- _The problem_: Leave out the pictures and output exactly the lines below from the one with "From the main" down to the one with "I am submitting", both of them included.
##### Listed entries
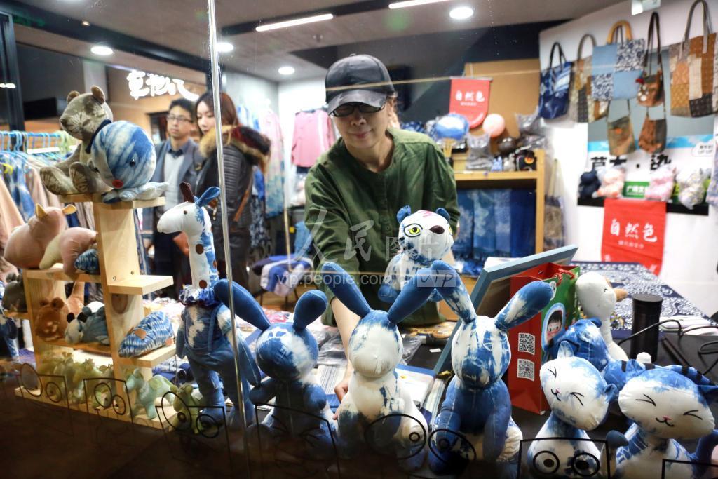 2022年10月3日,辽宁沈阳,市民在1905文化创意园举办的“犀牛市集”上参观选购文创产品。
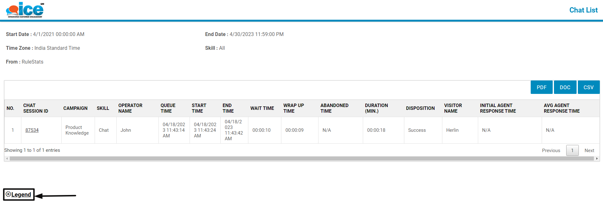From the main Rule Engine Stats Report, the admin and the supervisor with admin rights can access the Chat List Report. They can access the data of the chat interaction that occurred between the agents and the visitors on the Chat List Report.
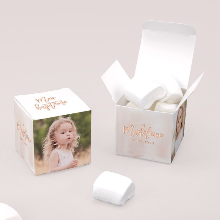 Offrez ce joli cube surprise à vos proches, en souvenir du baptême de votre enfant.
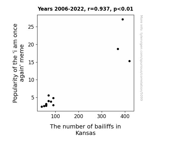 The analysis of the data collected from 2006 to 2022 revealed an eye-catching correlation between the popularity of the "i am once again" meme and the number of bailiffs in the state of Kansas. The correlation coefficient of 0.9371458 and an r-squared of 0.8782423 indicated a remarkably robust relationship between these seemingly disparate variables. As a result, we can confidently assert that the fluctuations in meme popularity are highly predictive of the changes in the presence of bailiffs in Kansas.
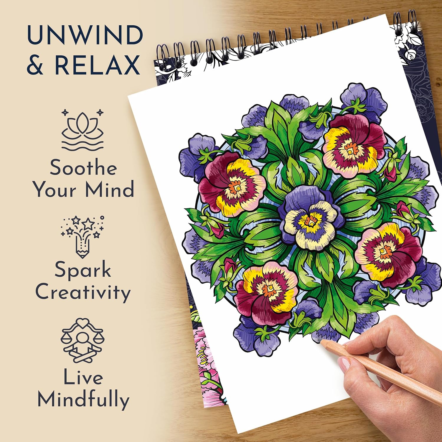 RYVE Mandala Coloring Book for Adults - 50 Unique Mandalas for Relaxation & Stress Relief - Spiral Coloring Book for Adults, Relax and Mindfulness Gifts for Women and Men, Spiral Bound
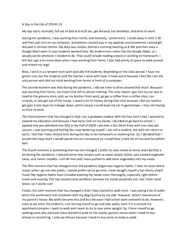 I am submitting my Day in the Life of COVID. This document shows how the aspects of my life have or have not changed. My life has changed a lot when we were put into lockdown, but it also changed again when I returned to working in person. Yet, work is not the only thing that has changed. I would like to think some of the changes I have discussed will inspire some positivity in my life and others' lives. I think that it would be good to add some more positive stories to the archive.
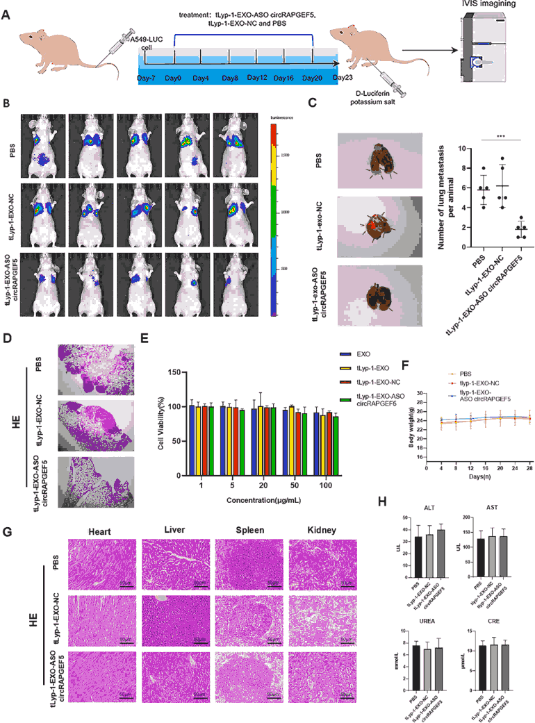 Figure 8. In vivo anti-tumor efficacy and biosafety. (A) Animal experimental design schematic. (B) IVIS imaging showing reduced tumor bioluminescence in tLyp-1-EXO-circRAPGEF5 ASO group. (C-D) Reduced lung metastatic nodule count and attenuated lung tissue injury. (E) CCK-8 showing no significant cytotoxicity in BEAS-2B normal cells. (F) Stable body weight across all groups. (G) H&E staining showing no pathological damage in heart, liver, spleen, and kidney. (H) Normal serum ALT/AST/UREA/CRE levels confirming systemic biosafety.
##########
- _Written solution_:
From the main Rule Engine Stats Report, the admin and the supervisor with admin rights can access the Chat List Report. They can access the data of the chat interaction that occurred between the agents and the visitors on the Chat List Report.
 Offrez ce joli cube surprise à vos proches, en souvenir du baptême de votre enfant.
 The analysis of the data collected from 2006 to 2022 revealed an eye-catching correlation between the popularity of the "i am once again" meme and the number of bailiffs in the state of Kansas. The correlation coefficient of 0.9371458 and an r-squared of 0.8782423 indicated a remarkably robust relationship between these seemingly disparate variables. As a result, we can confidently assert that the fluctuations in meme popularity are highly predictive of the changes in the presence of bailiffs in Kansas.
 RYVE Mandala Coloring Book for Adults - 50 Unique Mandalas for Relaxation & Stress Relief - Spiral Coloring Book for Adults, Relax and Mindfulness Gifts for Women and Men, Spiral Bound
 I am submitting my Day in the Life of COVID. This document shows how the aspects of my life have or have not changed. My life has changed a lot when we were put into lockdown, but it also changed again when I returned to working in person. Yet, work is not the only thing that has changed. I would like to think some of the changes I have discussed will inspire some positivity in my life and others' lives. I think that it would be good to add some more positive stories to the archive.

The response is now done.